▸ Task instructions: Output the data below exactly, images excluded.

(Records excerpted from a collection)
========================

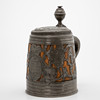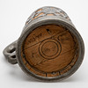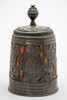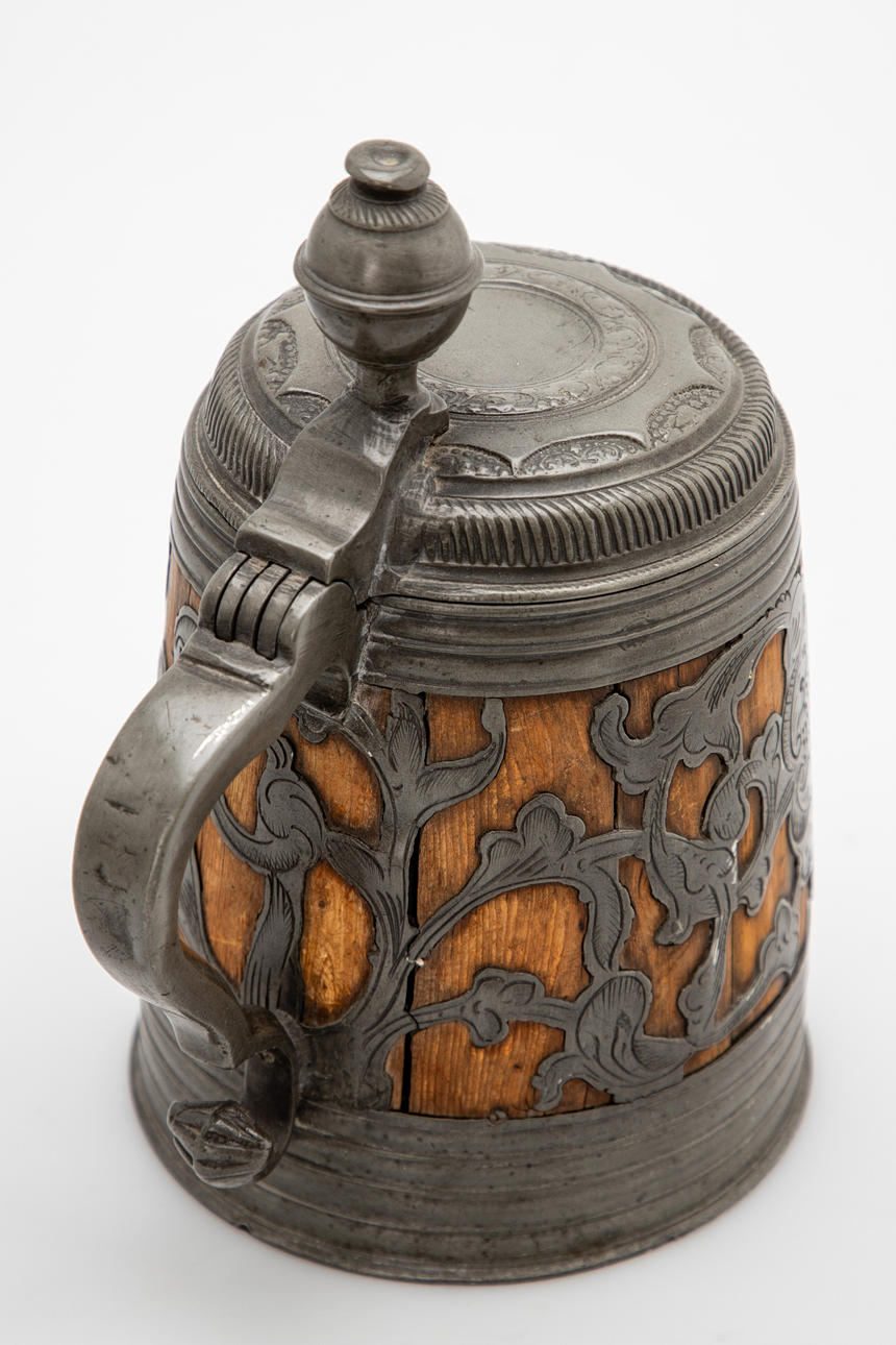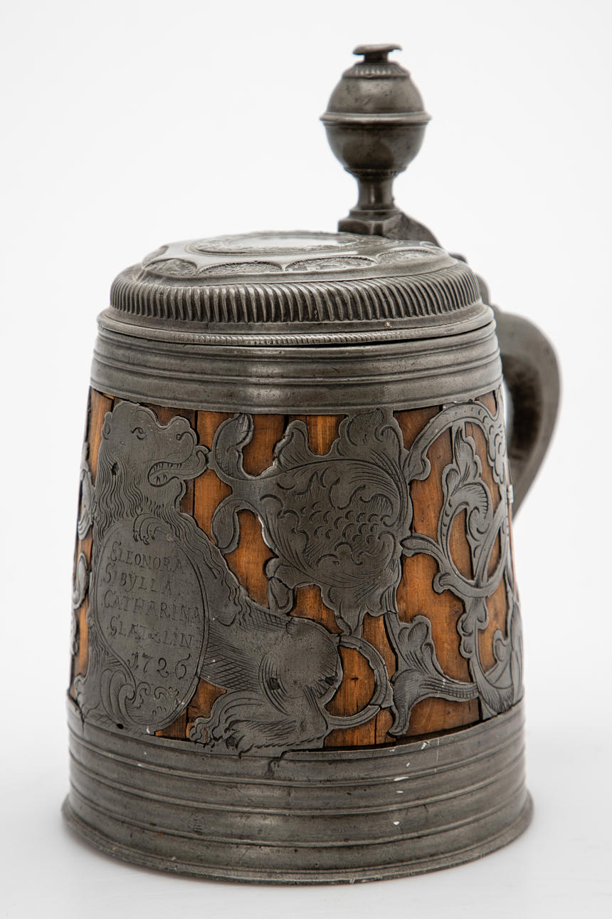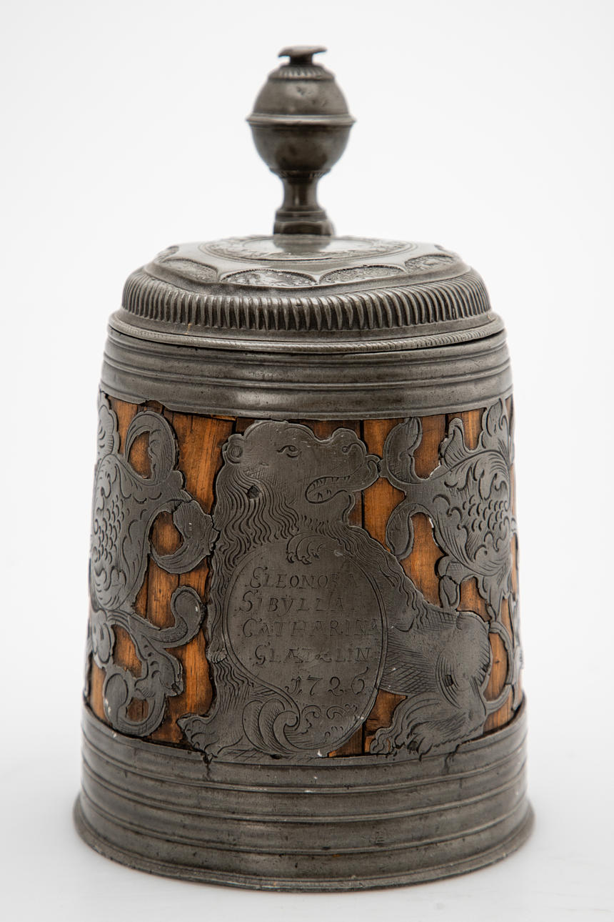 Fruitwood/tin, cast and engraved. Cylindrical, slightly conical body assembled from staves. Bordered at the top and bottom by wide profiled tires. Circumferential, open-worked plant tendrils with the owner's coat of arms on the front, held by a lion. Inscribed 'SLENORA SIBYLLA CATHERINA GLATZLIN 1726'. Hinged tin lid with double-confirm thumb rest and curved handle.
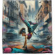A design mostra uma cena animada em que uma dançarina de break toca em cheio balançando na rua. O personagem principal, o dançarino de pausa, está no meio de um poderoso suporte de mão.
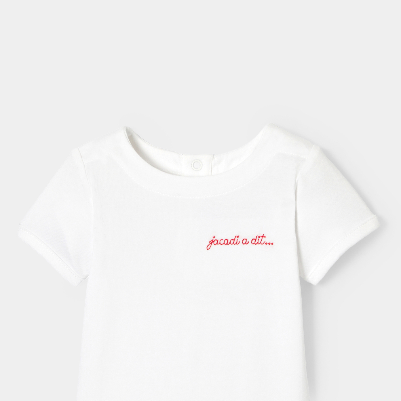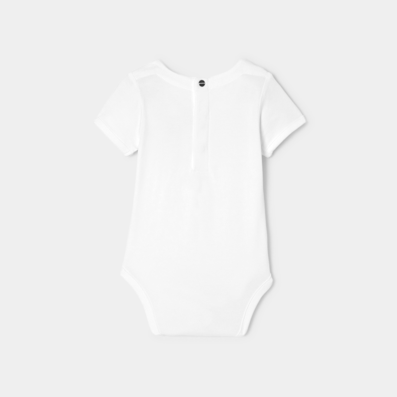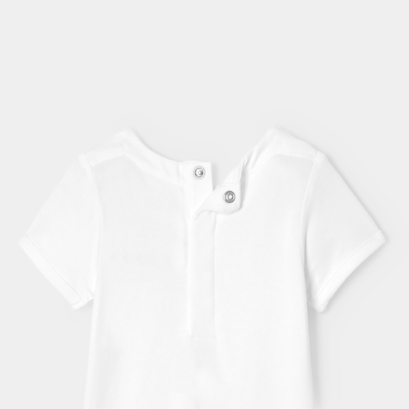 A new design in the Jacadi wardrobe, this baby boy bodysuit takes the form of a short-sleeved t-shirt for spring. Embroidered on the front panel and easy to slip on thanks to its snap openings, it will pair nicely with a romper and be discreet under a sweater.- Organic cotton baby bodysuit- Round neck- Short sleeves- Jacadi a dit embroidery- Back and crotch snaps
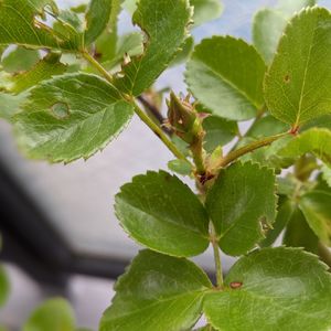 ジャスミーナ🌹 かわいい、強い薔薇ですが、 ありゃま、‼️ 両端の蕾が食べられてる😱 犯人は?誰? 多分、最近よく見かける ホソオビアシブトバチ💢 水やりするたび枝に擬態する奴を いろんな薔薇で見かけ 補殺😱 じーっと見てると見えてくる🐛😱
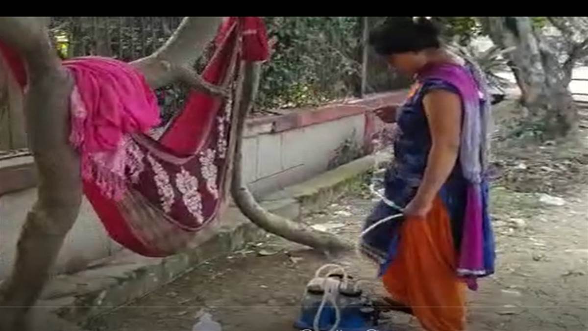 रायपुर,15 नवंबर । राजधानी रायपुर में एम्स के गेट नंबर वन के बाहर से एक मार्मिक तस्वीर सामने आई है, जहां एक मां अपने बच्चे को फुट पंप से आक्सीजन देती हुई नजर आई है। बच्चे के परिजन बताते हैं कि वो फुटपाथ पर ही रहते हैं, परिजन जमीन पर सोते हैं और बच्चे को साड़ी से बंधे पालने में सुलाते हैं। उनके बच्चे को ब्रेन ट्यूमर और ब्लड कैंसर है। वे आर्थिक रूप से काफी परेशान है, उनके बच्चे का इलाज एम्स में कराया जा रहा है। सरकार की योजनाओं का आंशिक लाभ भी उन्हें मिलता है, लेकिन परिजन परेशान हैं।
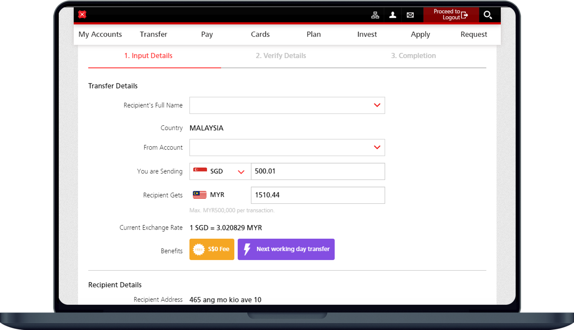 - For transfers to individuals with long names or corporations: If there is insufficient space, you may use the Full Address field under Recipient Details to continue filling in the recipient’s full name.
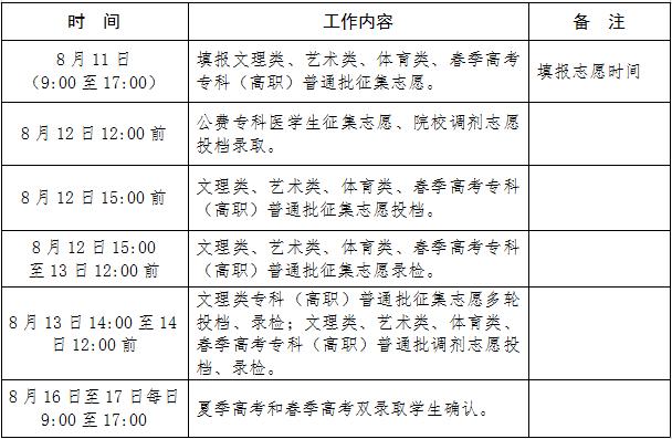 其他专科(高职)高校录取时间:8月7日—14日。
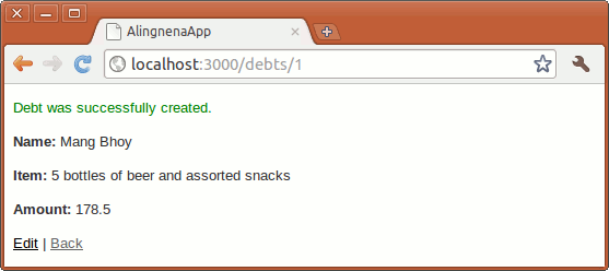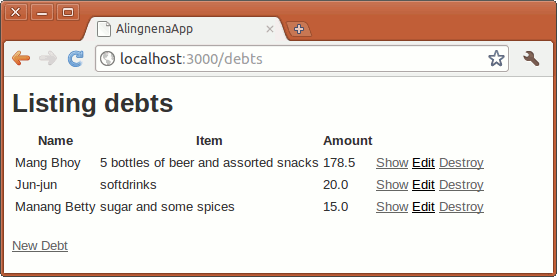 Finally, clicking the Back link will return you to the List Debts page. Each existing record has Show, Edit, and Destroy links so that Aling Nena can view, update, and delete the records, respectively.
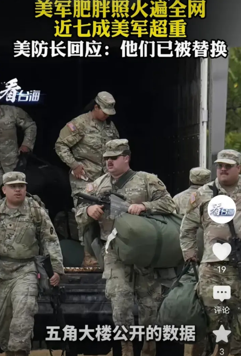 记得以前(二十年前)看过杂志,说美军对体重管理严格,定期体检,只要超重立刻勒令退出现役,哪怕你是将军!
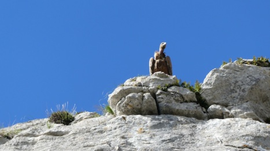 Uno de los habituales buitres de la zona, posado en una roca. (Iñaki VIGOR)
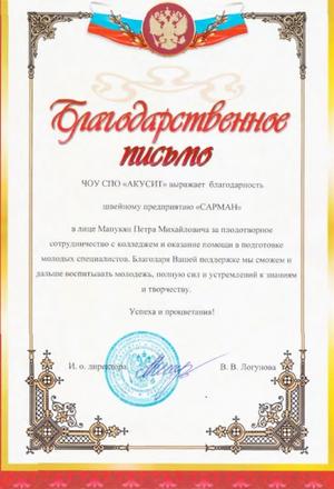 Швейное предприятие «Сарман» в г. Армавире. Ассортимент, оригинальность, качество.
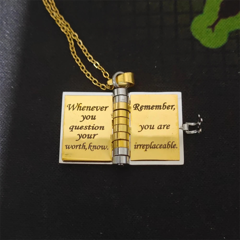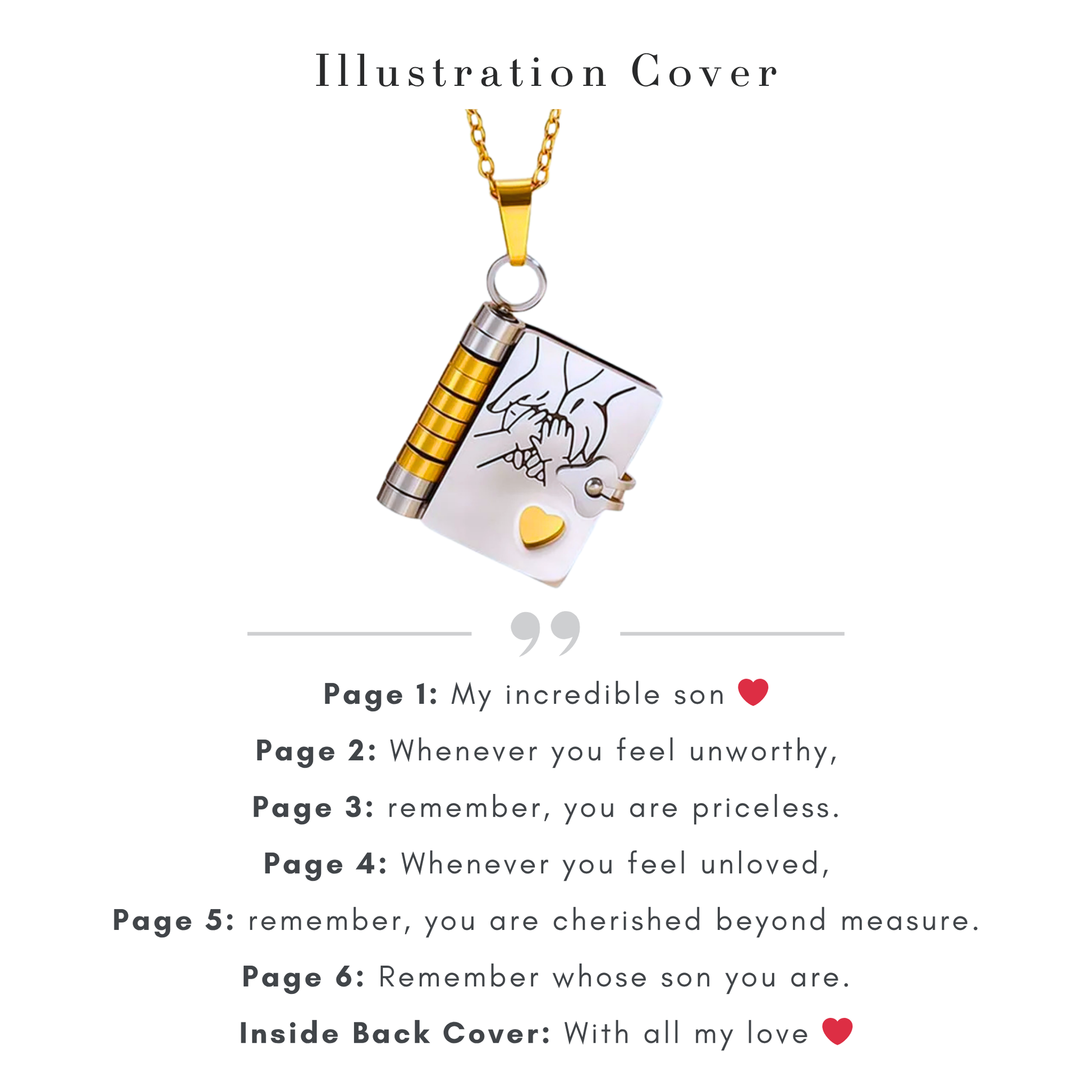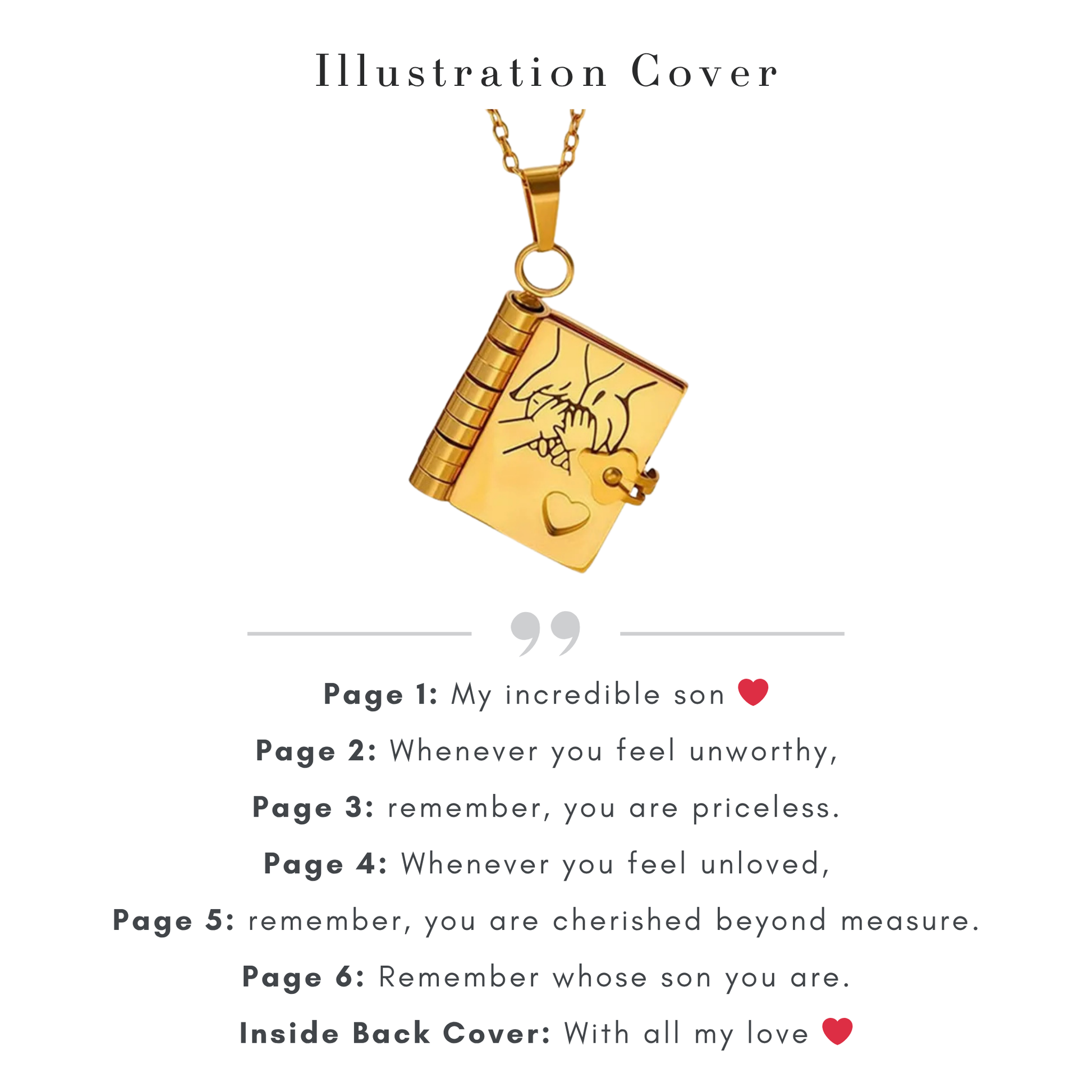 Some words are too important to be said just once. This beautiful book locket holds a constant reminder of your special bond that they can carry with them, always.
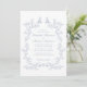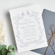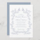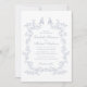 Convite de casamento elegante com uma moldura de aquarela ornamentado composta por florais e folhas delicadas, empoeiradas, de cor azul, com duas aves vivas no topo. Os nomes da noiva e do noivo estão em uma escrita azul empoeirada e os detalhes do casamento estão em simples inscrições azuis empoeiradas. Perfeito para casais que abraçam a estética popular do milênio, misturando o romance de uma era passada com um toque refrescantemente contemporâneo.
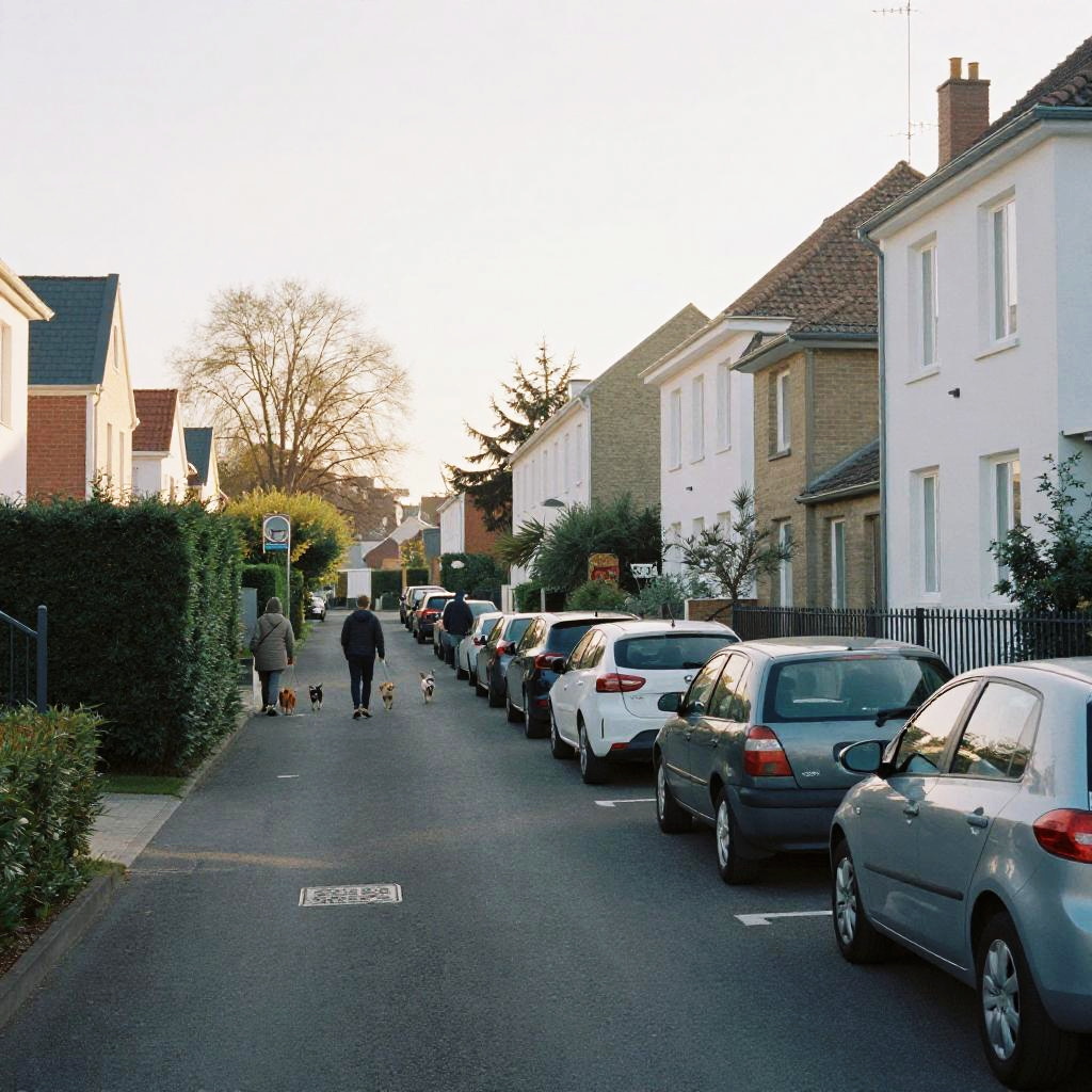 Morning in a European suburb, narrow streets with parked cars, neat hedges, locals walking dogs, historic facades blending with modern touches, gentle sunlight casting long shadows, serene and inviting

========================

▸ Answer space:
 Fruitwood/tin, cast and engraved. Cylindrical, slightly conical body assembled from staves. Bordered at the top and bottom by wide profiled tires. Circumferential, open-worked plant tendrils with the owner's coat of arms on the front, held by a lion. Inscribed 'SLENORA SIBYLLA CATHERINA GLATZLIN 1726'. Hinged tin lid with double-confirm thumb rest and curved handle.
A design mostra uma cena animada em que uma dançarina de break toca em cheio balançando na rua. O personagem principal, o dançarino de pausa, está no meio de um poderoso suporte de mão.
 A new design in the Jacadi wardrobe, this baby boy bodysuit takes the form of a short-sleeved t-shirt for spring. Embroidered on the front panel and easy to slip on thanks to its snap openings, it will pair nicely with a romper and be discreet under a sweater.- Organic cotton baby bodysuit- Round neck- Short sleeves- Jacadi a dit embroidery- Back and crotch snaps
 ジャスミーナ🌹 かわいい、強い薔薇ですが、 ありゃま、‼️ 両端の蕾が食べられてる😱 犯人は?誰? 多分、最近よく見かける ホソオビアシブトバチ💢 水やりするたび枝に擬態する奴を いろんな薔薇で見かけ 補殺😱 じーっと見てると見えてくる🐛😱
 रायपुर,15 नवंबर । राजधानी रायपुर में एम्स के गेट नंबर वन के बाहर से एक मार्मिक तस्वीर सामने आई है, जहां एक मां अपने बच्चे को फुट पंप से आक्सीजन देती हुई नजर आई है। बच्चे के परिजन बताते हैं कि वो फुटपाथ पर ही रहते हैं, परिजन जमीन पर सोते हैं और बच्चे को साड़ी से बंधे पालने में सुलाते हैं। उनके बच्चे को ब्रेन ट्यूमर और ब्लड कैंसर है। वे आर्थिक रूप से काफी परेशान है, उनके बच्चे का इलाज एम्स में कराया जा रहा है। सरकार की योजनाओं का आंशिक लाभ भी उन्हें मिलता है, लेकिन परिजन परेशान हैं।
 - For transfers to individuals with long names or corporations: If there is insufficient space, you may use the Full Address field under Recipient Details to continue filling in the recipient’s full name.
 其他专科(高职)高校录取时间:8月7日—14日。
 Finally, clicking the Back link will return you to the List Debts page. Each existing record has Show, Edit, and Destroy links so that Aling Nena can view, update, and delete the records, respectively.
 记得以前(二十年前)看过杂志,说美军对体重管理严格,定期体检,只要超重立刻勒令退出现役,哪怕你是将军!
 Uno de los habituales buitres de la zona, posado en una roca. (Iñaki VIGOR)
 Швейное предприятие «Сарман» в г. Армавире. Ассортимент, оригинальность, качество.
 Some words are too important to be said just once. This beautiful book locket holds a constant reminder of your special bond that they can carry with them, always.
 Convite de casamento elegante com uma moldura de aquarela ornamentado composta por florais e folhas delicadas, empoeiradas, de cor azul, com duas aves vivas no topo. Os nomes da noiva e do noivo estão em uma escrita azul empoeirada e os detalhes do casamento estão em simples inscrições azuis empoeiradas. Perfeito para casais que abraçam a estética popular do milênio, misturando o romance de uma era passada com um toque refrescantemente contemporâneo.
 Morning in a European suburb, narrow streets with parked cars, neat hedges, locals walking dogs, historic facades blending with modern touches, gentle sunlight casting long shadows, serene and inviting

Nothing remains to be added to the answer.